▶ [WHAT THE EXERCISE ASKS]
Pull each line containing "Cotton" out of the listing below.

▶ [TASK MATERIAL]
- - -
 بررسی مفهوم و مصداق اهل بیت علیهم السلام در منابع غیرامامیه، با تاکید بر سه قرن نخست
- - -
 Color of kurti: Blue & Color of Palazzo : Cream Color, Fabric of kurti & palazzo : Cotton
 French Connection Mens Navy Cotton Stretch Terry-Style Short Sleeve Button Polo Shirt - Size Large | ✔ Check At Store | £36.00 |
- - -
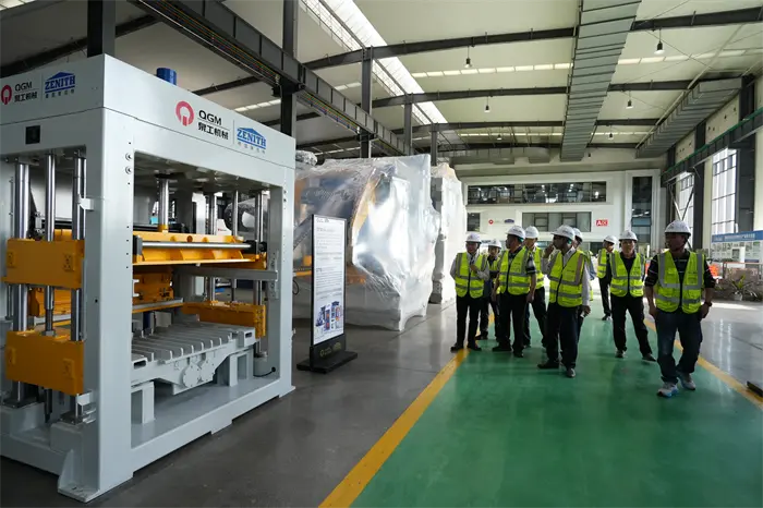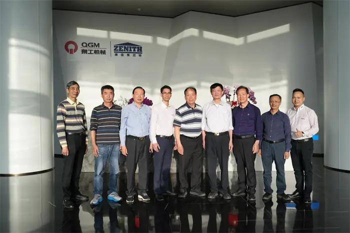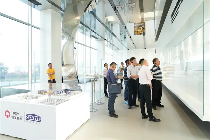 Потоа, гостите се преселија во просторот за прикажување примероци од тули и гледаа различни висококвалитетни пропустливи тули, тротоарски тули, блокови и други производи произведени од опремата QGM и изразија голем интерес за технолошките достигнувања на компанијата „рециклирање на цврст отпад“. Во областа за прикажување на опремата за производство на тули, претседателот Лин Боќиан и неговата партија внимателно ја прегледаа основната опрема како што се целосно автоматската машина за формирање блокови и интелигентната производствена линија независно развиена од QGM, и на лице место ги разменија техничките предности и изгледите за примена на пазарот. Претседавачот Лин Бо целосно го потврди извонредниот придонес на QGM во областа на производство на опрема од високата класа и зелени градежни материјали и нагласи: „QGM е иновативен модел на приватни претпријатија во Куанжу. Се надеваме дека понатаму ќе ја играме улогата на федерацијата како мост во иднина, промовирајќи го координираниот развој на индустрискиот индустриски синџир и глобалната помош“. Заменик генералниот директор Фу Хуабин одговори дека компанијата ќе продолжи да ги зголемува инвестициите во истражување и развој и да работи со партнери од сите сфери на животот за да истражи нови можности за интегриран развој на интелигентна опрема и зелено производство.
- - -
▶ [ANSWER TO THIS PROBLEM]
 Color of kurti: Blue & Color of Palazzo : Cream Color, Fabric of kurti & palazzo : Cotton
 French Connection Mens Navy Cotton Stretch Terry-Style Short Sleeve Button Polo Shirt - Size Large | ✔ Check At Store | £36.00 |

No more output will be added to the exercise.